When the jealousy has butted The moth does not ask a rose:
Whether who kissed you?
And the rose does not ask a moth:
Whether you courted at other rose?

G.Gejne

What is the jealousy?

Jealousy... In this trap men and women come across. Young both old. Married and free.

Children are jealous parents to each other. Native brothers and sisters are jealous. Employees are jealous the favourite chief. Men are jealous wives or favourite. Wives are jealous husbands or favourite. The dog is jealous the owner of his wife etc. the Phenomenon it many-sided and has set of different explanations.

Ljuta, as an underworld, jealousy;
Its arrows — arrows fiery;
It — plamen rather strong...

The jealousy is shown in the most different forms — with silent despair before loud charges, abuse and rukoprikladstva.

Whether there is something, what unites all these cases? Probably, is, and we will look for it.

First, always there is an object of love (or attachments) and jealousy.

Secondly, always there is someone (revnivets) who considers, that it has any rights to object of jealousy.

Thirdly, this most revnivets tests or fear, that its object of love (attachment, the property) can be lost, or irritation concerning that its object of attachment behaves in the unseemly image (takes pleasure also pleasant feelings «on the party»), or someone encroaches on it.

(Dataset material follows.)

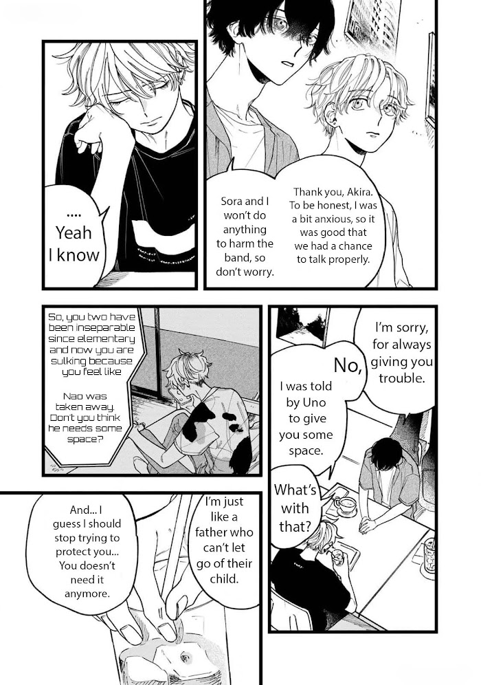 When his band breaks up and Sora is feeling lost, he happens to attend a concert where he reunites with Tamaki Naoharu, an upperclassman from his middle school. “I know that voice” -- a vivid memory from 10 years ago comes back to him. But there's a huge distance between Naoharu, shining in the light of the stage, and Sora, standing in the audience... The faint memory of his first love is reflected in these glittering lights. Sora and Nao's love story begins with a fated reunion.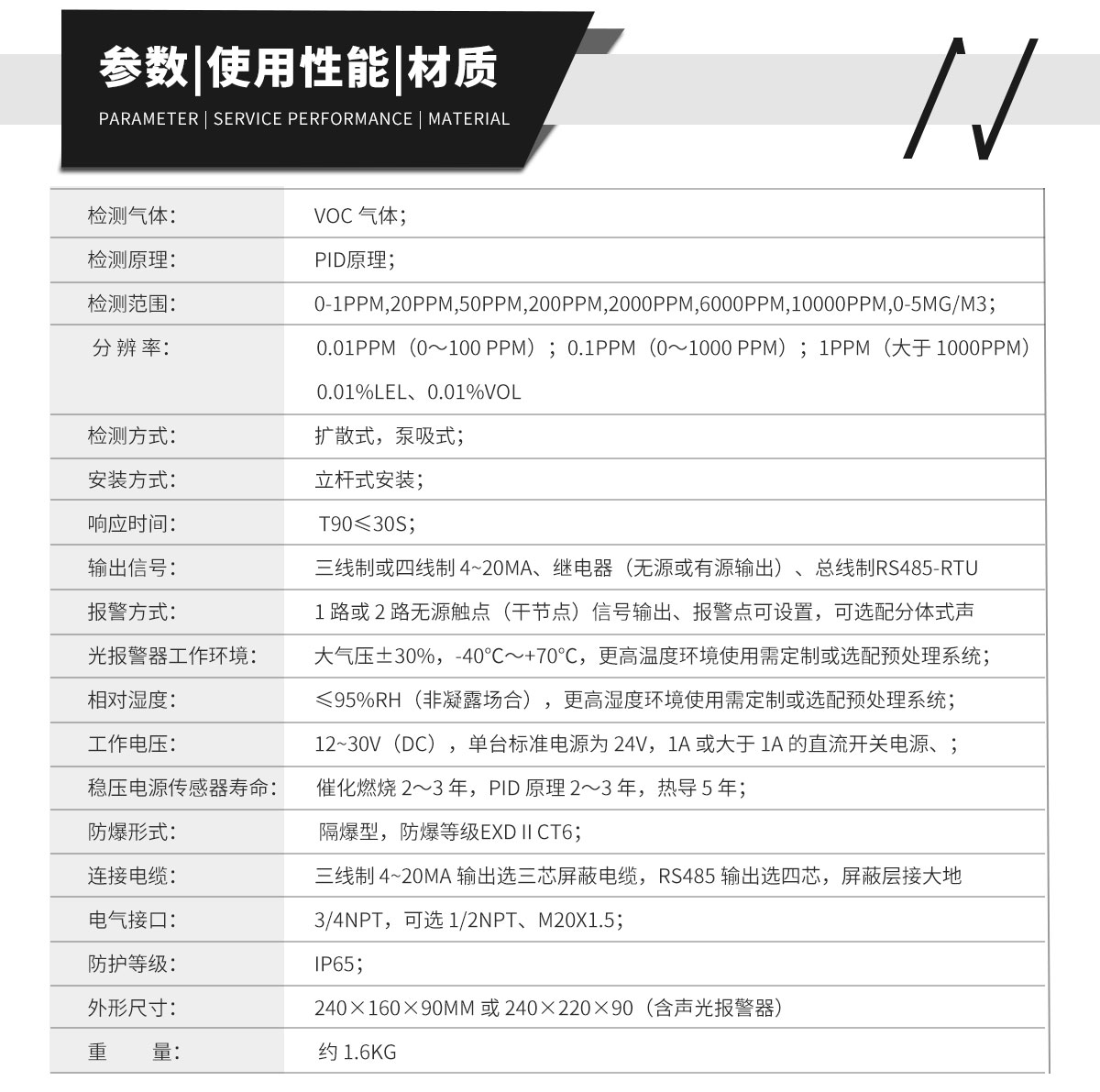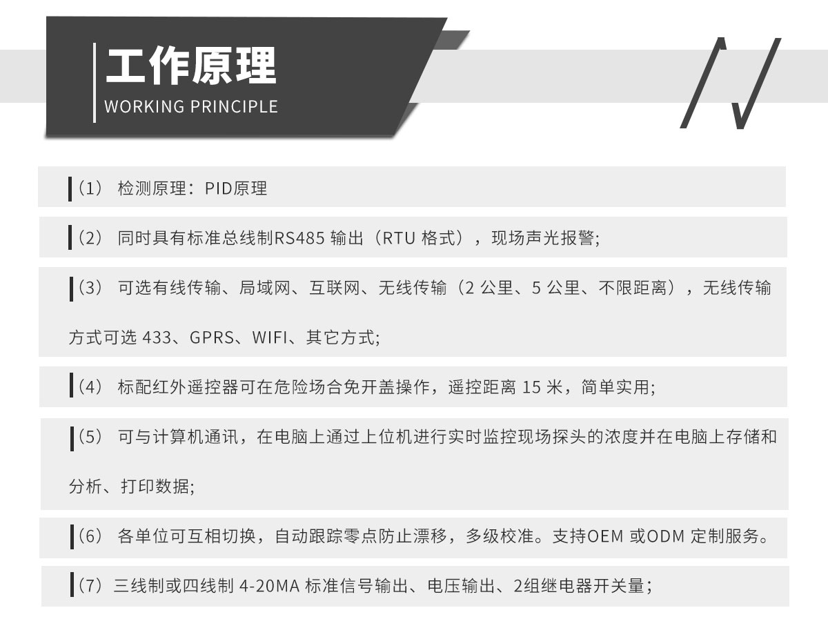 測量范圍 1~50000 檢測原理 催化燃燒、半導(dǎo)體、電化學(xué)、紅外、PID

As we see, the jealousy is always shown in the form of negative emotions, therefore we have carried it to idealizatsijam.

The jealousy is old as the world. For this reason it seems, as disposal of it is not present any. But it is a myth. To discredit it, let's understand the nature of this feeling.

As always, interest causes a question on that, the jealousy whence undertakes. It is clear, that it not the virus and is not brought from the outside. It arises and grows in the person, more precisely, in his head as at the heart of jealousy any thoughts and ideas always lay. And here we at times receive thoughts from surrounding people, and in it they are similar to viruses.

In the original form the jealousy is an instinct. Animals and primacies it had simply an aggression which allowed to protect «» and thus to ego-trip, leave more posterities. The person as top of a divine plan, should outgrow this instinct. However many of us for the present remind a baboon, the aggressive grin and shouts driving away from the attracted female (male) of other individuals of a tribe. Present itself this light image.

Beautifully?

Often the jealousy is represented to us deep, ennobled, and the main thing, very drama feeling reflecting vulnerability, a subtlety of our soul and force of our love. Some even consider, that the jealousy is «a litmus paper» love thanks to which it is possible to check up, whether there is a love or not.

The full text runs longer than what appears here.